Having been locked up for quite awhile with a group of women-deprived convicts has done strange things to John's urges, and he calls out: "Are you here like Athena before Perseus, offering me strange and tremendous boons to slay the Medusa of my lust?" A possible suggestive joke is derived from these lines.
The Sisters politely decline. Don John asks why they call him Governor, when he is obviously not, and thus begins a long winded conversation which ends with the witches convincing him to break out of prison and overthrowing the present governor, Leonato.
"Messina is wealthy, blessed among lands," the Second Weird Sister says. "Blessed are you if it be in your hands."
John argues that he cannot conquer Messina.
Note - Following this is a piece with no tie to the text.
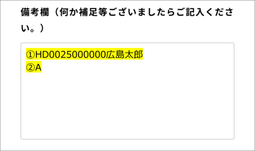 入会アンケートの「備考欄」に以下2点の情報をご入力ください。

He has no troops, all he has are two useless henchmen, while Leonato has the aid of many strong warriors, such as Prince Pedro, Claudio and Benedick. "Claudio is noble," John mutters. "No man would dare face him anywhere."
The Witches laugh at his comments. "For aid, dearest John, you should turn to no other," the First Witch says. "Save the mighty form of thy dear brother."
John asks how, confused, and the Weird Sisters tell him to "speak of Beatrice" in his presence. "With luck, Pedro's dissent and unrequited love," the Third Witch says. "Will prove to be gifts from the gods above."
Confused, John calls out for them to elaborate, but he finds the Witches have gone, 'blended with the air.' He starts another soliloquy, wondering if he should 'snatch the realm' from Leonato, and weighs the 'crippling risks' in his head.
After wrestling with this dilemma, as 'Jacob did with seraph,' John is convinced that the breaking out from prison is justifiable. He vows to never rest until Messina is in 'his talons.' Using avian and bird and prey imagery, he graphically describes how he will seize the kingdom. His motives, as clearly seen, are of a lust of power, and jealousy as he knows that due to his bastard upbringing ('which was not the fault of this accursed self') he will be denied a land to rule.
"Borachio, Conrad, arise, awake," Don John ends the scene. "Leonato's title we shall soon take."